Action item:
Below are entries; output exactly the lines from the one with "Schemat rozmieszczenia przystanków" to the one with "- Vận dụng để", both included, and nothing else.

*** Exercise inputs ***

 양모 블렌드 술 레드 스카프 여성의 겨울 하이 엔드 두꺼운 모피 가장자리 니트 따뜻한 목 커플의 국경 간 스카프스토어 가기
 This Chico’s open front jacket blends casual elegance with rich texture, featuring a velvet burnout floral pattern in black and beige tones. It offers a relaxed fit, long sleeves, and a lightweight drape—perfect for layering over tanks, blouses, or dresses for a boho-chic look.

*** End of Exercise inputs ***
*** Exercise inputs ***

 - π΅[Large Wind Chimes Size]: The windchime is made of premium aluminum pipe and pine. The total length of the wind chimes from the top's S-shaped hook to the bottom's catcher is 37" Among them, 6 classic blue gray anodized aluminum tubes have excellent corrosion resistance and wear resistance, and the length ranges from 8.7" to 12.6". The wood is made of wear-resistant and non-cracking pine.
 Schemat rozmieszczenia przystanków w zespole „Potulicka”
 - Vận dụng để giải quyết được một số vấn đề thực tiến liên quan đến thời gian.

*** End of Exercise inputs ***
*** Exercise inputs ***

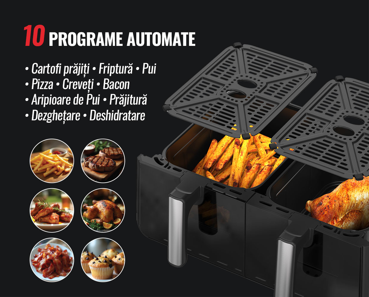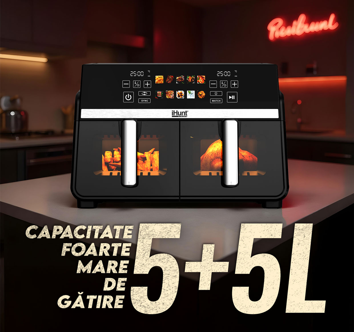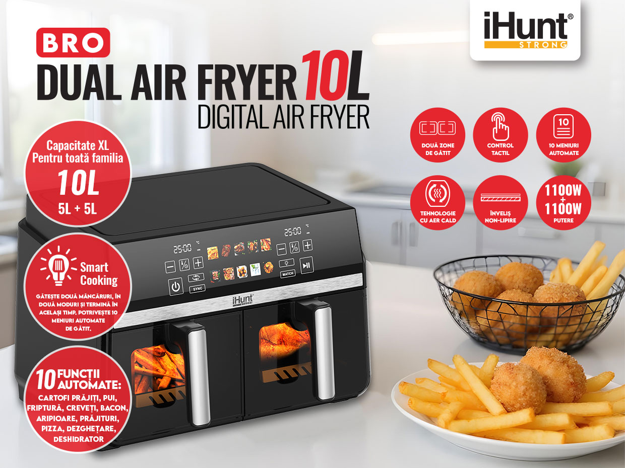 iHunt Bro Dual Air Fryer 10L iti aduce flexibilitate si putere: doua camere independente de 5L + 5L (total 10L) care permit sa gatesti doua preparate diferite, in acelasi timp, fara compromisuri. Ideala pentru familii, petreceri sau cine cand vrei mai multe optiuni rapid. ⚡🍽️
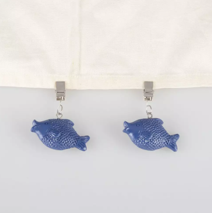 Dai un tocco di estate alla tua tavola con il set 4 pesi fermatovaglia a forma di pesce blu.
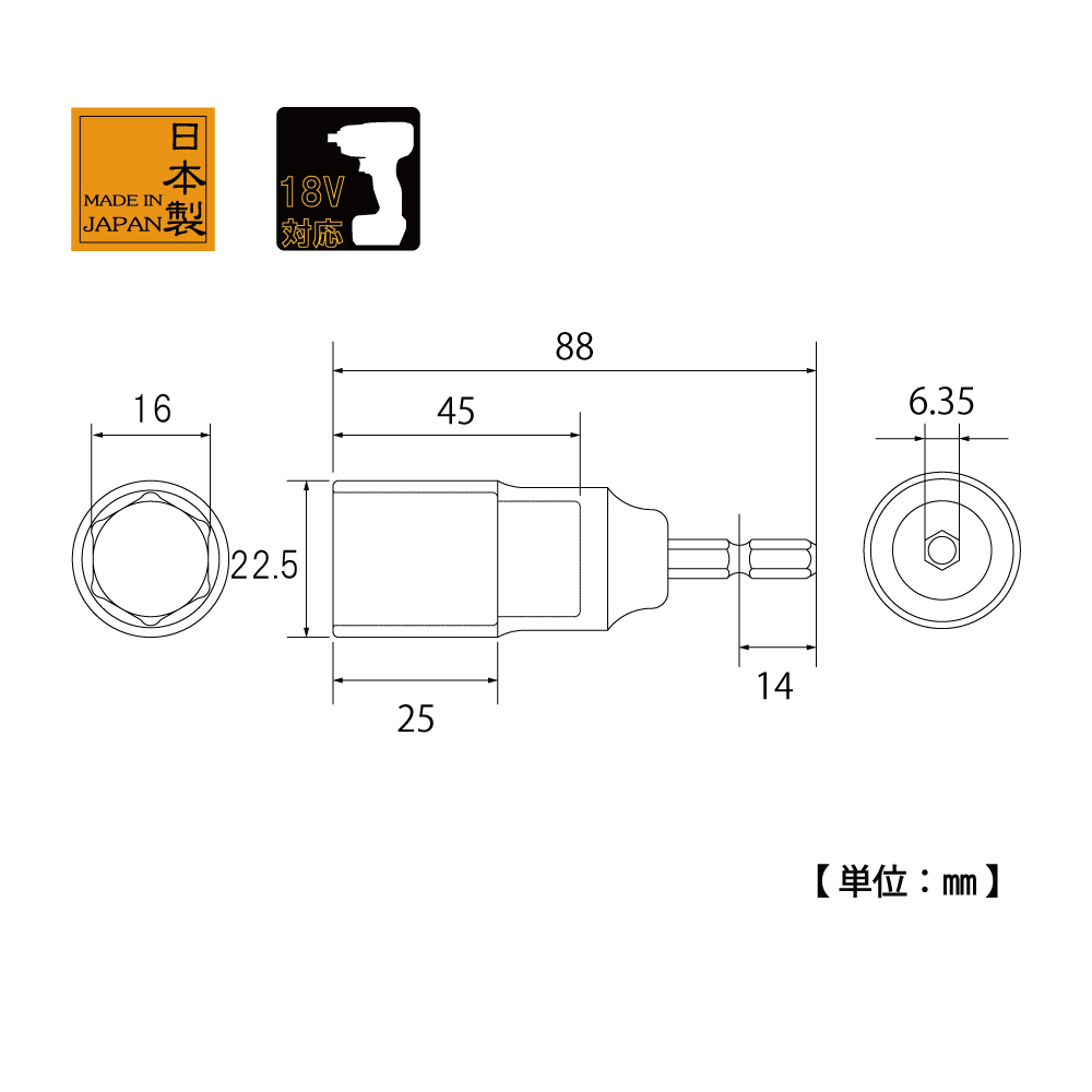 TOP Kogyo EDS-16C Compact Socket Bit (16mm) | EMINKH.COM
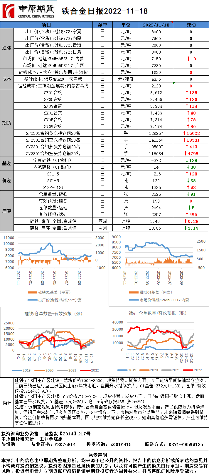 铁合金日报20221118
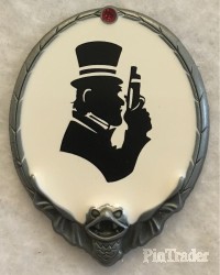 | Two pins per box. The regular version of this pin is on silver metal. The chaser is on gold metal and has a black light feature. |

*** End of Exercise inputs ***

Response below:
 Schemat rozmieszczenia przystanków w zespole „Potulicka”
 - Vận dụng để giải quyết được một số vấn đề thực tiến liên quan đến thời gian.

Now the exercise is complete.